How many of you notice differences between different higher end fly rods. I've recently tried some out at a local retailer (and it seems you are very lucky if you can find one who will let you take a few rods out in the parking lot and try them) and couldn't notice a lot of difference between most of them.


----------



## WEEZER (Feb 1, 2000)

Steve, I also can't find the difference between the high end ones. There is a big difference between the low end and high end ones though. It is really confusing when dealing with them huh? I own three major manufacturers Sage Loomis and Diamondback. They are all nearly the same quality. I have had such good luck with these manufacters that I won't even consider any other brands.
For the record my Diamondback is the nicest 4 wt I have found ( It preforms as good if not better than the Sage rods in that category for 150- 250 less.)
Oh and about the fly shops: If they won't let you try them just take your money elsewhere! (That's the same bunch of crap I ran into while looking at Sage's. If you are gonna buy a 350.00 rod they should at least take the time for you.)


----------



## Steve (Jan 15, 2000)

Well, I ended up buying a Sage DS, I know a cheapie, but it was all I could justify at the time. But some of the fly shops looked at me like I was crazy when I asked to try a rod out, so I bought elsewhere.


----------



## WEEZER (Feb 1, 2000)

Steve, The DS is a really good casting rod.
One of my friends has the DS in a 5wt and it has a really good soft touch to it, Great for pin point accuracy.
I fear I am in the market for a new rod for Hex fishing, heavier streamers, bass and carp.
All I have now is 2 8wt and a 4wt. I am thinking about a 6 wt or a really fast action 5, cause my 4wt just doesn't throw the larger flies very well.


----------



## Steve (Jan 15, 2000)

That's what I have the 5wt. Just bought some new Scientific Anglers top of the line fly line for it. Can't wait to try it out this spring.


----------



## Roger (Feb 14, 2000)

Steve, What type of Scientific Angler's fly line did you end up getting? Floating, Sinking, Double-taper, 5wt? 

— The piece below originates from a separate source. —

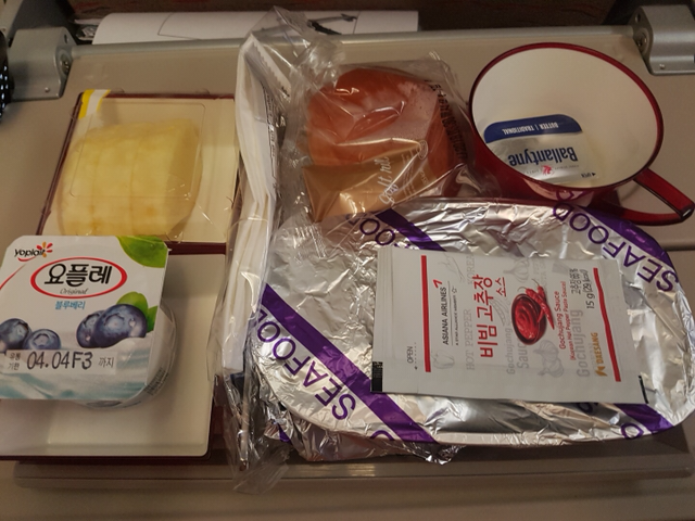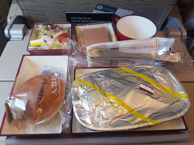 비행동안 2번의 기내식, 1번의 간식이 나왔다. 한식과 양식을 고를 수 있게 하는데, 한식은 쌈밥과 해물덮밥이었고 양식은 치킨스테이크와 치킨파스타였나 그랬다. 이왕이면 한식을 두번 먹을 걸 그랬다. 쌈밥이 땡기지 않아서 치킨스테이크를 주문했는데, 소스가 크림이라 한 서너 번 먹고는 후회했다. 미국으로 가면서 이런건 줄기차게 먹을텐데, 생각이 짧았다. 해물덮밥은 맛이 없었다.

I am new at fly fishing. I received a nice fly rod as a graduation gift from college. I am now getting into the flyfishing to broaden my angling experiences. I have a 9 ft. 5wt. Fenwick Streamer. Any comments on where this rod would fall when rated among others? What type of fly line would be best for me to use?


----------



## Steve (Jan 15, 2000)

I bought the Ultra3 stuff, weight forward, floating 5wt. This will be my first experience with SA line. The type of line you buy will depend on what you want to fish. If you want to fish mainly nymphs, then you may want a sink tip. If you want to fish only dries, you will want a floating line. Weight forward is a little easier to cast than a double taper for casting hacks like me


----------